Last week Matt Swartz published an updated analysis of ERA estimators. He was kind enough to share his data so I could take a look at the accuracy of ERA estimators as a function of innings pitched. In other words, is there a difference in accuracy between the estimators given 100 historical innings pitched versus 500?  (Hint: yes.)

We can measure a lot of things that happen while a pitcher is on the mound, but it takes a while for the real information to show itself. As we collect more data, the random noise is more likely it is to cancel itself out. For example, during any one season you'll see a lot of .270 BABIPs, but once we look at careers over five-season stretches, .270 BABIPs are few and far between.

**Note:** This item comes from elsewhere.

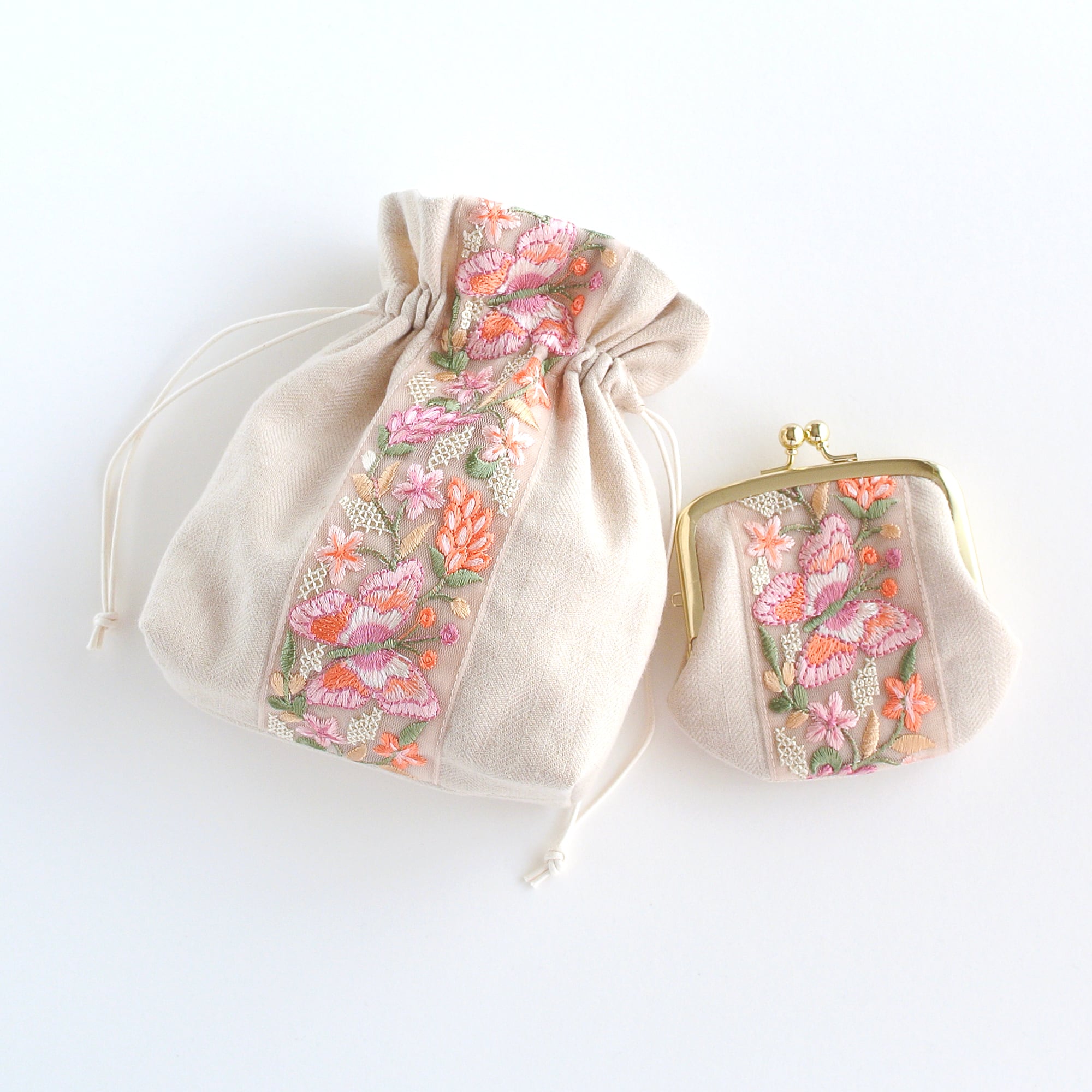 インド刺繍リボンをあしらったマチのある巾着ポーチ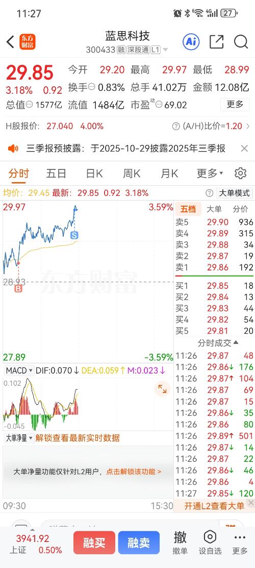 $蓝思科技(SZ300433)$2.5个点的差价,我觉得不少了,毕竟每天都可以这样干。谢谢主力!谢谢蓝思科技!谢谢昨日回贴骂我的韭菜!谢谢不作为的周群飞董事长!要谢的人太多了,祝大家好运! 每天一问:回购啥时候完成啊?

Some peripherals include a lot of noise, such as BABIP, HR/FB% and LOB%. Other peripherals start with a low noise-to-information ratio, such as SO/PA, BB/PA, and GB/BIP. As such, we might guess that metrics like SIERA and xFIP, which only use the latter peripherals as inputs, will more accurately reflect true talent in the short run, while things like ERA will be more accurate in the long run, because they can pick up on the former peripherals. Short term we need to reduce noise, but long term we can maximize information.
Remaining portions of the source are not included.